Deposited a Rubber Check: Now What?

Deposited a Rubber Check: Now What?

David Goehring / Flickr source

There are still occasions when you receive checks as payment or as a gift. Checks are certainly a safer way to send money through the mail and chances are your great Aunt Martha still sends you that annual birthday check. While much of banking and financial transactions have gone electronic, accepting checks is still something to consider.

For the giver, checks are a way to not only keep money safe but also are used as a method of proof of payment. A canceled check can be used to show payment was made and many banks even make those canceled checks available through online banking service so should a problem arise, you actually have a visual copy of the cashed check.

The method for cashing checks has advanced. Back in the day, it could take up to a week or longer to process the check and transfer the funds. Because electronic transactions are possible these days, it may only take a few minutes or a day to have your check cashed by its recipient. To avoid getting hit with overdraft fees on your bank account, it is wise to never write a check your bank can’t cash. But what happens if you deposit a check that bounces?

The rubber check dilemma

The term ‘rubber check’ may sound old-fashioned but it is still relevant today. If you receive a check and it is written on an account with insufficient funds, the check will bounce as if it were made of rubber.

The first problem to arise will be the fact you are out of the money that was in the deposit. If the check doesn’t clear, you cannot add that amount to your checkbook for use. Additionally, you’ll be charged a “returned item fee” for a failed check deposit.  The fee is often the same as the cost of an overdraft fee — roughly $35. To most customers, this fee is unfair: you are being penalized for someone else’s mistake — or intentional act.

Depending on your relationship with the check-writer, you may or may not be able to get your money back. If it is an honest mistake, the check-writer likely will be embarrassed and happy to reimburse you the check amount plus fees. People do make simple bank errors but it is advisable to ask for cash next time. You do have a right to ask for the money back if the check was meant to cover a purchase or other financial transaction. In the case of a gifted check, that is more of a personal decision you will have to make.

How banks handle checks

There may be some check-writers that intentionally write checks on accounts without enough money to clear just to get people off their backs because they know a deposit is coming soon.

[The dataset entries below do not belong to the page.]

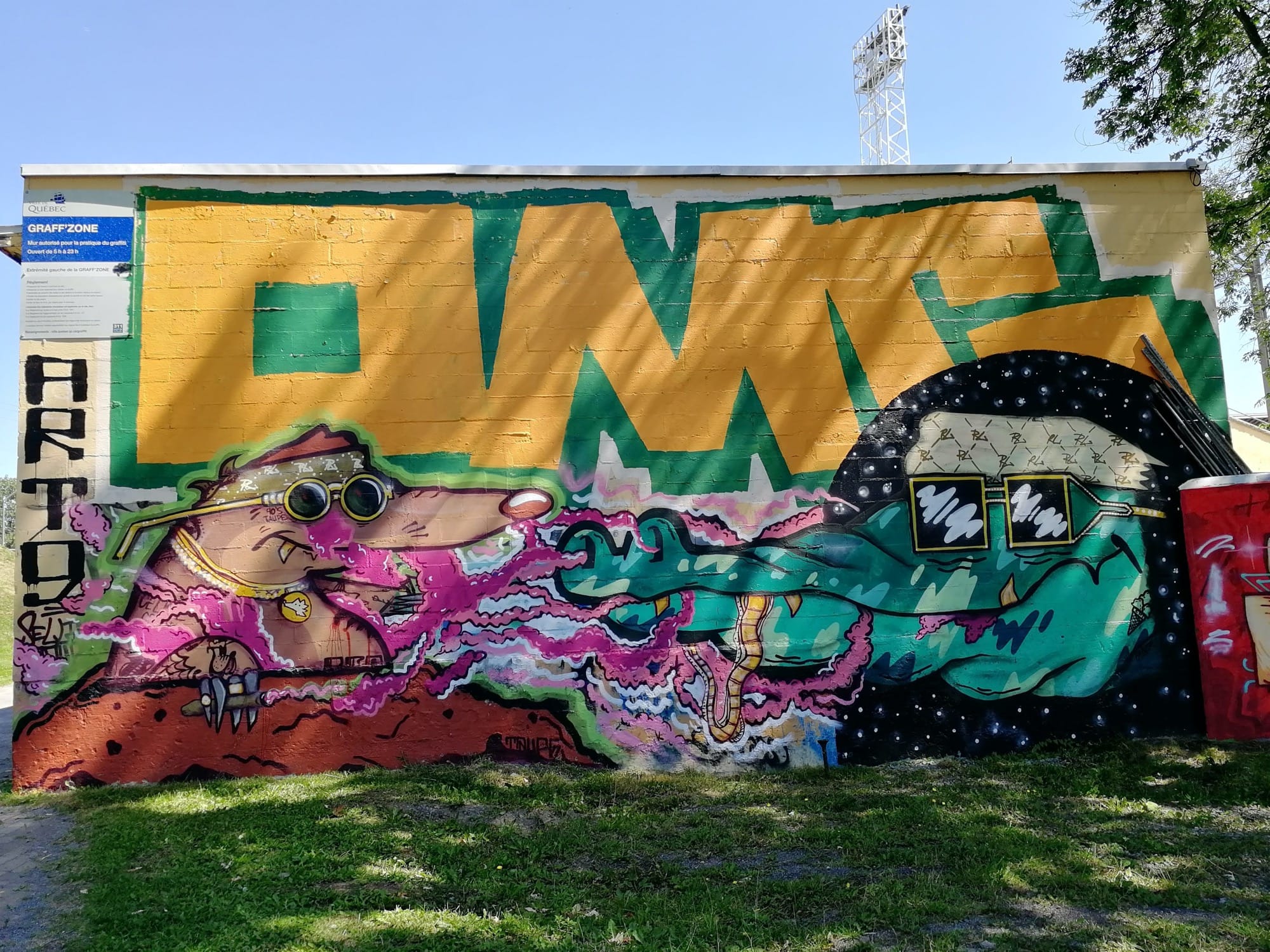 L’oeuvre est de type graffiti. Vous pouvez l’admirer dans la ville de Québec en Canada et plus précisément ici : 1938 Rue du Cardinal-Maurice-Roy, Québec, QC G1K 8Z1, Canada.
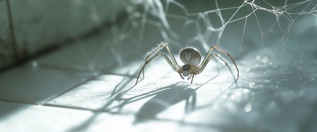 I watched it for a while, trying to understand what it hoped to catch there. A silverfish? It didn’t seem big enough. There are probably living entities I can’t see—tiny, microbial ones—suitable for its modest appetite. My first impulse was to grab a towel and erase its fragile work.
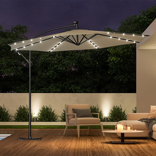 Beige Outdoor Cantilever Parasol Umbrella with LED Lights
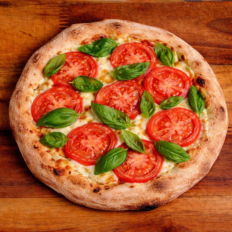 Masa madurada, salsa pomodoro, mozarella, tomate y albahaca
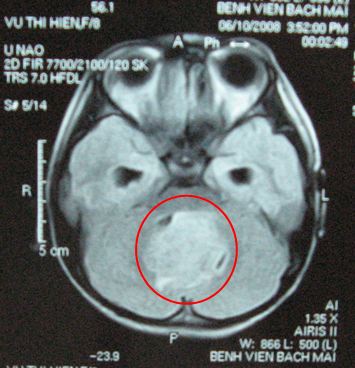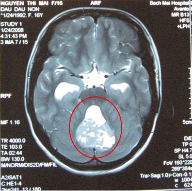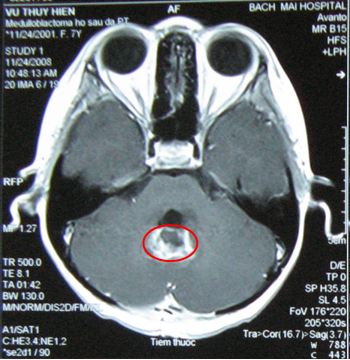 Trường hợp 1: Bệnh nhi Nguyễn Thúy H, nữ 8 tuổi vào viện vì lí do đau đầu, nôn, sụp mi mắt trái. Bệnh nhân đã được chụp cộng hưởng từ sọ não: cho thấy hình ảnh khối tổn thương choán chỗ tại đường giữa của tiểu não kích thước 4x3cm.
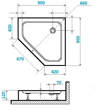 Поддон акриловый с возможностью реставрации и повышенной прочностью, имеет следующие технические характеристики:
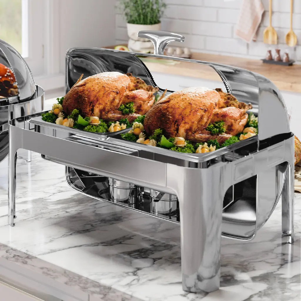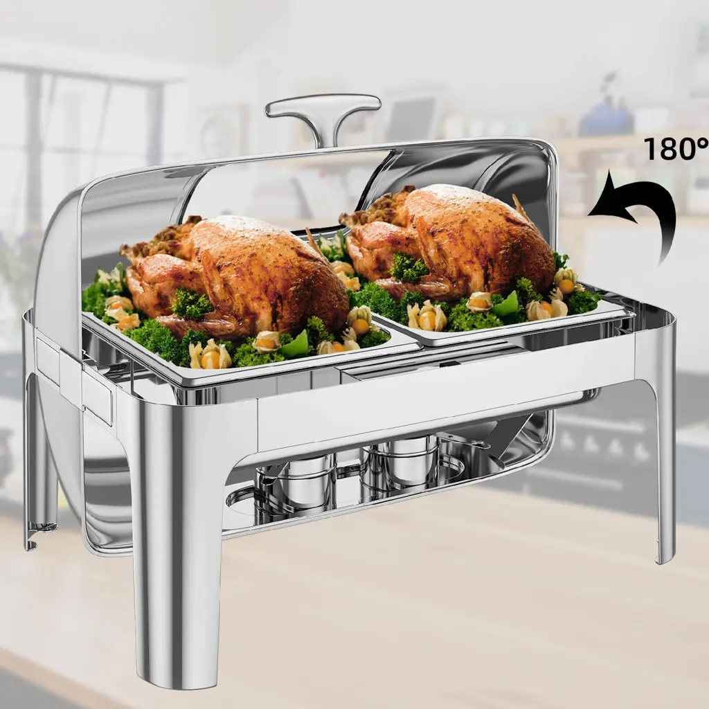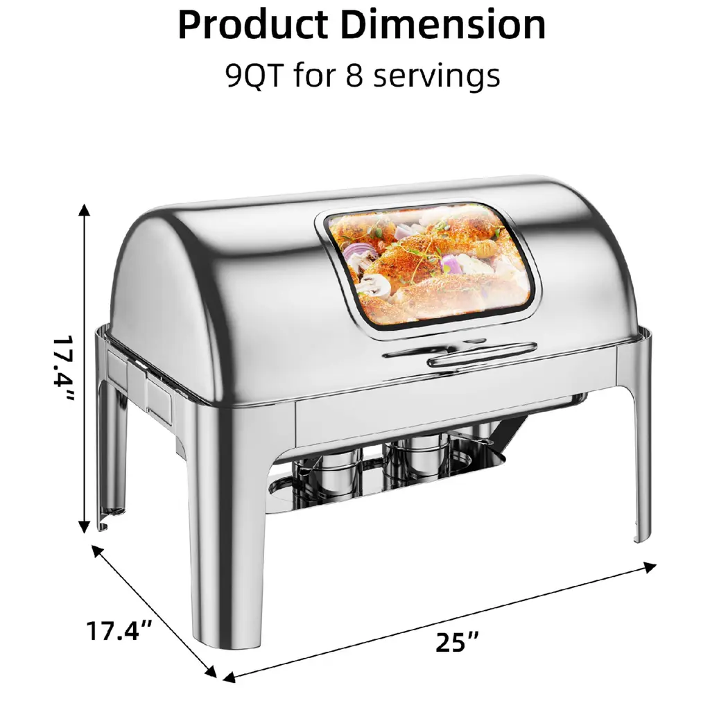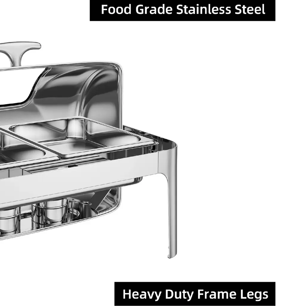 Superior Material: The roll top chafing dish buffet set is constructed entirely of high-quality stainless steel, ensuring durability and ease of cleaning.Temperature Control: Maintain the perfect temperatures of your dishes with the fuel holders, ensuring that your foods stay warm and fresh for your guests.Visual Appeal: The chafing dish buffet set features a clear window lid, allowing guests to view the dishes without lifting the cover and creating an attractive presentation.Versatile Usage: Ideal for restaurants, buffets, catering, schools, and corporate events, this chafing dish set adds a professional touch to any occasion.Effortless Cleaning: The stainless steel construction is resistant to stains and odors, making cleaning a breeze. The detachable pans can be cleaned separately for added convenience.

Regardless of what the future holds, their check may not clear because of how some banks process checks.

Many banking institutions will process checks on an account in descending order, with the largest check amounts being deducted first. Rather than your largest check being rejected and having only one fee assessed, banks count on the largest amounts clearing so that multiple smaller amount checks do not. Banks can then take several NSF fees which have grown substantially in the last few years.

In the event that you are on the wrong end of a bad check, contact your bank as soon as you are notified of a bad check. In some cases, if you ask nicely, the bank can waive the fee. If you have a habit of depositing bad checks into your account, the fees may stand — and the bank may take other measures to ensure that it doesn’t happen again (e.g., freezing check-writing capabilities or closing your account altogether). Furthermore, frequent encounters with bad checks may lead to marks on your ChexSystems report, the banking equivalent of a credit report.

Don’t let it happen

If you are in a position where you often accept checks from people from strangers, it may be well worth your while to contact the bank from which the check is drawn and inquire about the availability of funds. You may be able to cash the check at the check-writer’s bank, but you may have to pay a check-cashing fee for being a non-customer. You may also want to consider a no-check policy outside of family and friends.

If you’ve ever gotten a bad check, you know the frustrations it can cause. For this reason, always make sure your account is in order before writing a check — whether it is to a friend or when you are making a bill payment. Writing a bad check will incur much higher penalty fees and could even create legal trouble. Overdraft protection can prevent your from one issuing a rubber check (but you may incur overdraft or overdraft-protection transfer fees).